**Exercise brief:** Below are the entries to work from; restate word for word the portion that opens with the line containing "Het pad wisselt" and closes with the line containing "Мусу Джалиля гильотинировали", keeping both.

───── Dataset

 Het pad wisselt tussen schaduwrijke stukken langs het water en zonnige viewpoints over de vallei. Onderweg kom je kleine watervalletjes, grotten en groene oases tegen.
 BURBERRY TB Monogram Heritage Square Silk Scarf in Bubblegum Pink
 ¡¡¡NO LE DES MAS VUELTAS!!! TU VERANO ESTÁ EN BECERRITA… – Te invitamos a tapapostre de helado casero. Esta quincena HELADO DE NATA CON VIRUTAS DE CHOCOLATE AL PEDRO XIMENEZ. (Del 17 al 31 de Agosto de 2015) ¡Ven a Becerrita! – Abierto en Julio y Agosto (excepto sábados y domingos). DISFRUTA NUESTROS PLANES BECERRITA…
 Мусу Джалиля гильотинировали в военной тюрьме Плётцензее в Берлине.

──────────
───── Dataset

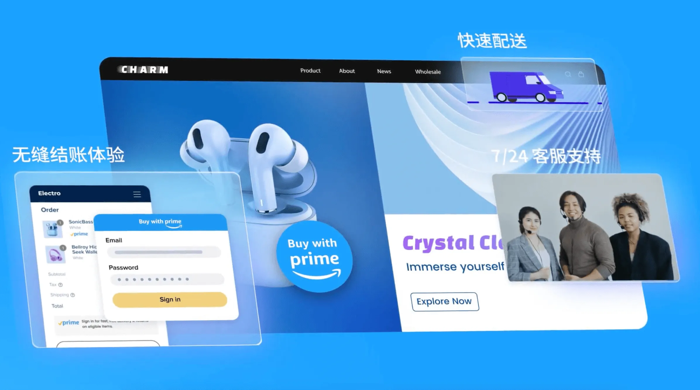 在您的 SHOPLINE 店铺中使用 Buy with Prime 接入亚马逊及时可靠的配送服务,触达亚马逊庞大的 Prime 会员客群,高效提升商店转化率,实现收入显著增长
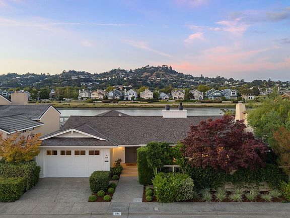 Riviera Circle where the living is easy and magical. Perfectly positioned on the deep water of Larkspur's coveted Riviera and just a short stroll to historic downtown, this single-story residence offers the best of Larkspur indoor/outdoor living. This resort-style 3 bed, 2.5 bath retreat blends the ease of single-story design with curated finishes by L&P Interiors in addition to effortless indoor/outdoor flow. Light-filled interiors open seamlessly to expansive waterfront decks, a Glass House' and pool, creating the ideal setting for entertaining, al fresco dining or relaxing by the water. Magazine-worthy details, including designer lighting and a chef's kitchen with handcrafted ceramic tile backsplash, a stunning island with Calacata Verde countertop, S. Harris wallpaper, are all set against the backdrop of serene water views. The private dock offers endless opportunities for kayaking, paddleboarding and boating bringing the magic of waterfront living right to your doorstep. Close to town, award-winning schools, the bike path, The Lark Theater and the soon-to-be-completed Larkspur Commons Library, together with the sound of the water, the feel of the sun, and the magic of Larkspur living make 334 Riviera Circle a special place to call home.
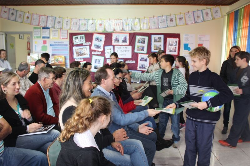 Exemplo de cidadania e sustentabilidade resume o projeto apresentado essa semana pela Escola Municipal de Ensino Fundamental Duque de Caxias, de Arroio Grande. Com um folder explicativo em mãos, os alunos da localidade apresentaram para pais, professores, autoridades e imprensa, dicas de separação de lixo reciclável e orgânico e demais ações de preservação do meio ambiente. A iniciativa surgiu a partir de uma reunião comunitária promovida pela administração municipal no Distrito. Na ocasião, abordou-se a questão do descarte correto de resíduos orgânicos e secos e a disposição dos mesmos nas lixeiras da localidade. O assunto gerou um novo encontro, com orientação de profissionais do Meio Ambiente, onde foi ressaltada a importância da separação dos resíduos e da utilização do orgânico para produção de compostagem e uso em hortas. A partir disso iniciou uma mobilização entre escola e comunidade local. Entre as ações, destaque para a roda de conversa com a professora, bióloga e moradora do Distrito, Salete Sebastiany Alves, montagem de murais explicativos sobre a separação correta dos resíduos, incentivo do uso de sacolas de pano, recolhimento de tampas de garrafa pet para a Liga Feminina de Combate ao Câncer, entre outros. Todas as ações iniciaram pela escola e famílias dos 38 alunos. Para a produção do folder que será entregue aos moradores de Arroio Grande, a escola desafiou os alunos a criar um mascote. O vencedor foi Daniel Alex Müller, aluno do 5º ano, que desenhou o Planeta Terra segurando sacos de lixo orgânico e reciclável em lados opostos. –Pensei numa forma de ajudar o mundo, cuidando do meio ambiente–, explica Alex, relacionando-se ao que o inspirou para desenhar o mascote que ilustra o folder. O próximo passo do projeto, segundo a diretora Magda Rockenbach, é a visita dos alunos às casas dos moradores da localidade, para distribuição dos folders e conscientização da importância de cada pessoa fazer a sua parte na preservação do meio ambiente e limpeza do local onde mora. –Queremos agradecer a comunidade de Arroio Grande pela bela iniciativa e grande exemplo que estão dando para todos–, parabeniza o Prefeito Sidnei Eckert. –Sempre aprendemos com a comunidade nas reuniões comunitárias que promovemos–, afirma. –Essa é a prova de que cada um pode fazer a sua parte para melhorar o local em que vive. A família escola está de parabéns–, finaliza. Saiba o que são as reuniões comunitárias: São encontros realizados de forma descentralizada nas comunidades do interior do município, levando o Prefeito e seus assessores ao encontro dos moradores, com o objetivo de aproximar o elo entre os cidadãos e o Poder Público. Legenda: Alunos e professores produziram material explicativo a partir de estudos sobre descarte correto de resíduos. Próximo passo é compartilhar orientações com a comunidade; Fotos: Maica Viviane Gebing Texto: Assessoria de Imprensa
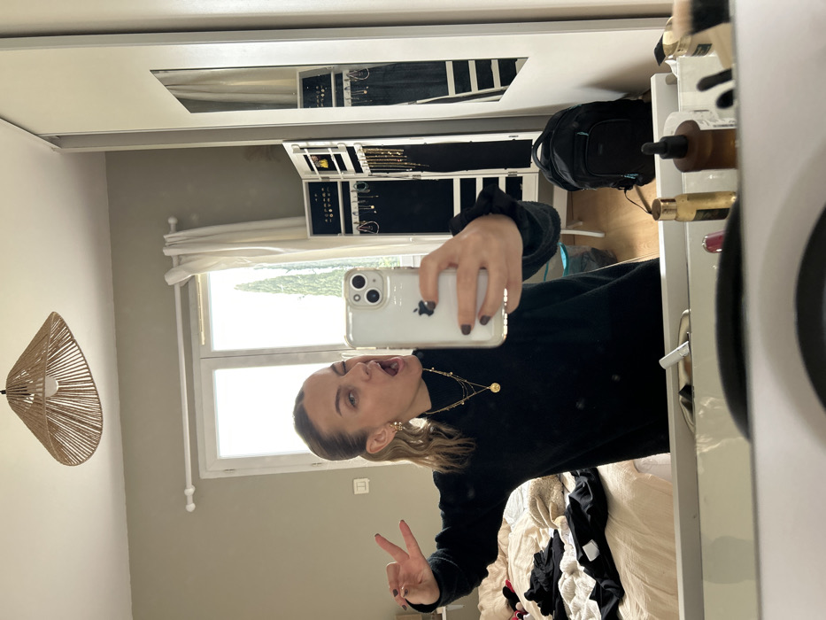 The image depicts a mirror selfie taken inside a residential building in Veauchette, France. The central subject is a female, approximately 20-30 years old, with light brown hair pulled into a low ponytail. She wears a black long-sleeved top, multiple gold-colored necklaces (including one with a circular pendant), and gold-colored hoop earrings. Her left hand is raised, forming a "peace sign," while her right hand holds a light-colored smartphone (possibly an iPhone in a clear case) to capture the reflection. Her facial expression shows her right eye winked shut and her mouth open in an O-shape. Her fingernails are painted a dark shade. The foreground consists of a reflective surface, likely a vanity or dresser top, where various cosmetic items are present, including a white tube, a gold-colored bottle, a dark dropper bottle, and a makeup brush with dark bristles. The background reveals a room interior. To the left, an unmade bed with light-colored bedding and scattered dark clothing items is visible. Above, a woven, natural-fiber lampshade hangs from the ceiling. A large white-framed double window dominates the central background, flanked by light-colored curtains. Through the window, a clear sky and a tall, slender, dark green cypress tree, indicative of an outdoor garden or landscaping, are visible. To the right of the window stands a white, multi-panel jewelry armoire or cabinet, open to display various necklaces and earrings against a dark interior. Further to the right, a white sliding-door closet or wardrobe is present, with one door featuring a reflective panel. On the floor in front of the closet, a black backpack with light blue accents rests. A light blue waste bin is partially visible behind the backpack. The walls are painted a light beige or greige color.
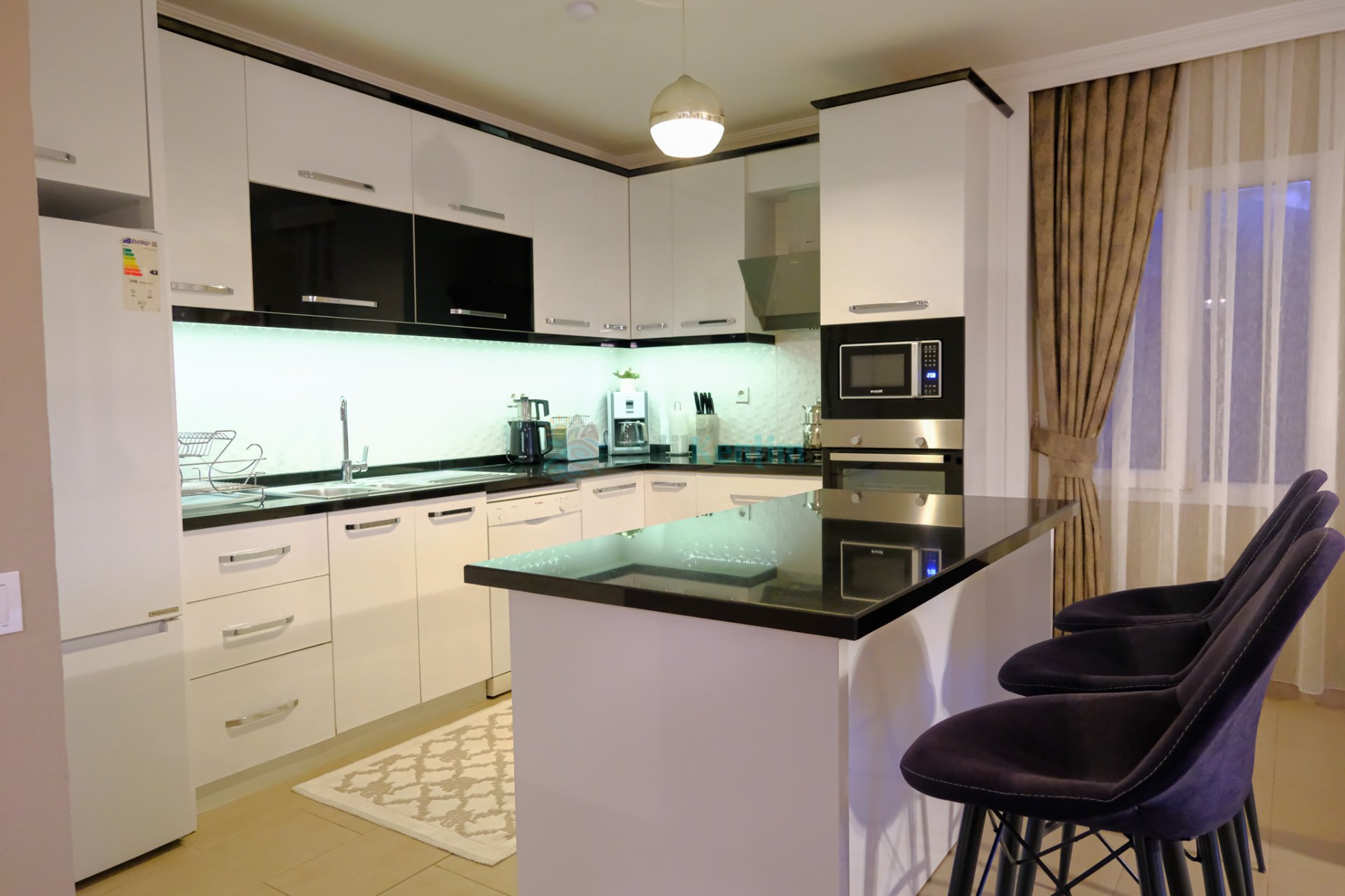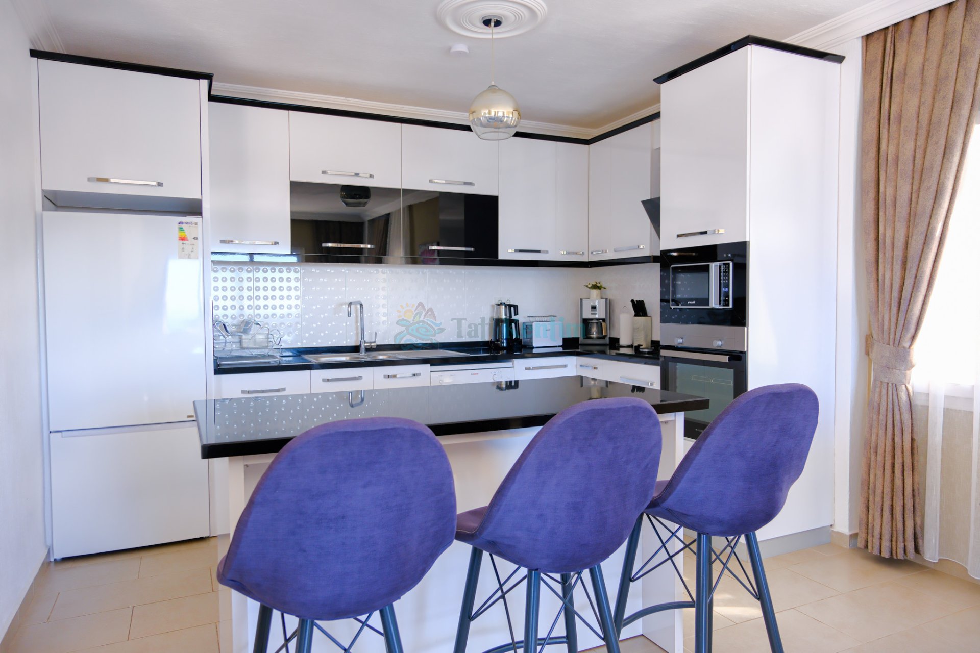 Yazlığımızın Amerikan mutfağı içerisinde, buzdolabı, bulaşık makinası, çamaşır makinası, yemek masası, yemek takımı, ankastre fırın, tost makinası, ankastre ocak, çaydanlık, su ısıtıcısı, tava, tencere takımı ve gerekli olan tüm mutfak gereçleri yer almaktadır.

──────────
───── Dataset

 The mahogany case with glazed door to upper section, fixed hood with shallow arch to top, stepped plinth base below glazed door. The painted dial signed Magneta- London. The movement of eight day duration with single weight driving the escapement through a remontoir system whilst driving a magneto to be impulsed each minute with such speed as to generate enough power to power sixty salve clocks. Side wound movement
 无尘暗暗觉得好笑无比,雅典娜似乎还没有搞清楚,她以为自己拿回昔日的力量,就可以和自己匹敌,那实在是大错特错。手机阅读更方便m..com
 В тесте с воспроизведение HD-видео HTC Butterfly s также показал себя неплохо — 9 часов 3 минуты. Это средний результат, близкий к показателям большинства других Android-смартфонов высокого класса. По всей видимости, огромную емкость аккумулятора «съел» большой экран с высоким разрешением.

──────────

**Reply:**
 Het pad wisselt tussen schaduwrijke stukken langs het water en zonnige viewpoints over de vallei. Onderweg kom je kleine watervalletjes, grotten en groene oases tegen.
 BURBERRY TB Monogram Heritage Square Silk Scarf in Bubblegum Pink
 ¡¡¡NO LE DES MAS VUELTAS!!! TU VERANO ESTÁ EN BECERRITA… – Te invitamos a tapapostre de helado casero. Esta quincena HELADO DE NATA CON VIRUTAS DE CHOCOLATE AL PEDRO XIMENEZ. (Del 17 al 31 de Agosto de 2015) ¡Ven a Becerrita! – Abierto en Julio y Agosto (excepto sábados y domingos). DISFRUTA NUESTROS PLANES BECERRITA…
 Мусу Джалиля гильотинировали в военной тюрьме Плётцензее в Берлине.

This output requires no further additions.